Литмир - Электронная Библиотека
Содержание  
A
A

То же сделали с Фриновским и его шефом Ежовым. Оба перед смертью прошли через ад.

Павленко сдох без трагических обстоятельств — нелепо. Он был большой советский барин, четырежды лауреат Сталинской премии, находился в расцвете лет. Жил в Ялте, изображал Чехова. Прихватило сердце, вызвал «скорую помощь», а у врача — такого, каких эта поганая власть вырастила — при себе не оказалось нитроглицерина. Забыл взять. Я с удовольствием представляла себе эту картину. Лежит Павленко, хватает воздух синими губами, хрипит, а врач райбольницы шарит в саквояже, чешет затылок, говорит: «Ой, товарищ писатель, я жутко извиняюсь, накладочка вышла».

Ненавистные имена из моего списка одно за другим вычеркнул Бог. Наверное, из-за этого я стала в него верить. Из-за этого и из-за двери…

[В этом месте голос, уже несколько минут почти неразборчивый, вдруг сделался звучнее. Сиделка разобрала последнюю фразу, переспросила: «Какой двери?» Больная не услышала, но некоторое время опять говорила отчетливо.]
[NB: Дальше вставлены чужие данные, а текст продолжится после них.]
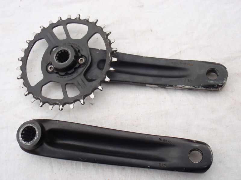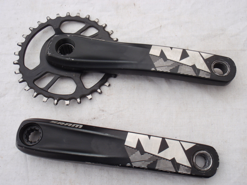 <p>Prodám jeté kliky SRAM NX. Délka: 170mm, převodník 30z. pro 11speed řetěz, offset 3mm. Kliky jsou na středovou osu s tisícihranem. Pravá klika ok,…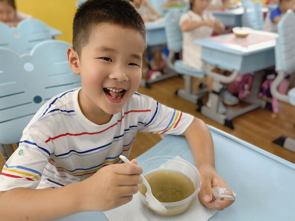 图说:体测完毕,老师们给学生送上一碗甜甜的绿豆汤,孩子们笑容灿烂

…История Райхмана мне, конечно, тоже сильно прочистила душу. К тому времени когда я восстановила всю картину Осиной гибели — по материалам дела, по рассказам свидетелей — из всех убийц в живых оставался только он, Леонид Федорович Райхман, курировавший в органах «работу с творческой интеллигенцией» и впаявший Осе «антисоветскую агитацию». Я узнала, что он на пенсии, живет в Москве. Стала, как коршун, описывать вокруг него круги, всё ближе. Собрала сведения. Оказалось, что после Осиного дела Райхман взобрался по карьерной лестнице очень высоко, дослужился до генерал-лейтенанта. Был женат на знаменитой балерине Лепешинской. А после войны, когда началась борьба с сионизмом, угодил под каток антисемитских репрессий. Его арестовали, мордовали. Если б не «оттепель», наверняка расстреляли бы. А так посидел и выпустили. Но лишили звания и орденов, вышвырнули из жизни, балерина ушла от него к другому генералу. Теперь Райхман тихий старичок, который накопил из пенсии денег на телескоп, смотрит по ночам на звезды и пишет книжки о диалектике бытия небесных тел. Тела и дела земные его больше не интересуют. Я сходила в общество «Знание» на его лекцию, что-то про космологию. Потом подошла, спросила, не представившись, помнит ли он дело поэта Мандельштама. «Конечно помню, — отвечает. — Ужасно его было жалко. Я сделал всё, что мог — переквалифицировал обвинение с участия в заговоре на агитацию. Это всего пять лет, меньше тогда просто не давали». Я ему говорю: «Осип Эмильевич не выдержал даже этапа». Райхман мне со вздохом: «А я мечтал об этапе, когда меня месяц за месяцем перемалывали на «конвейере». И о смерти тоже мечтал. Не знаю, кто вы Мандельштаму, но, поверьте, я за всё заплатил». По нему и видно было, что заплатил.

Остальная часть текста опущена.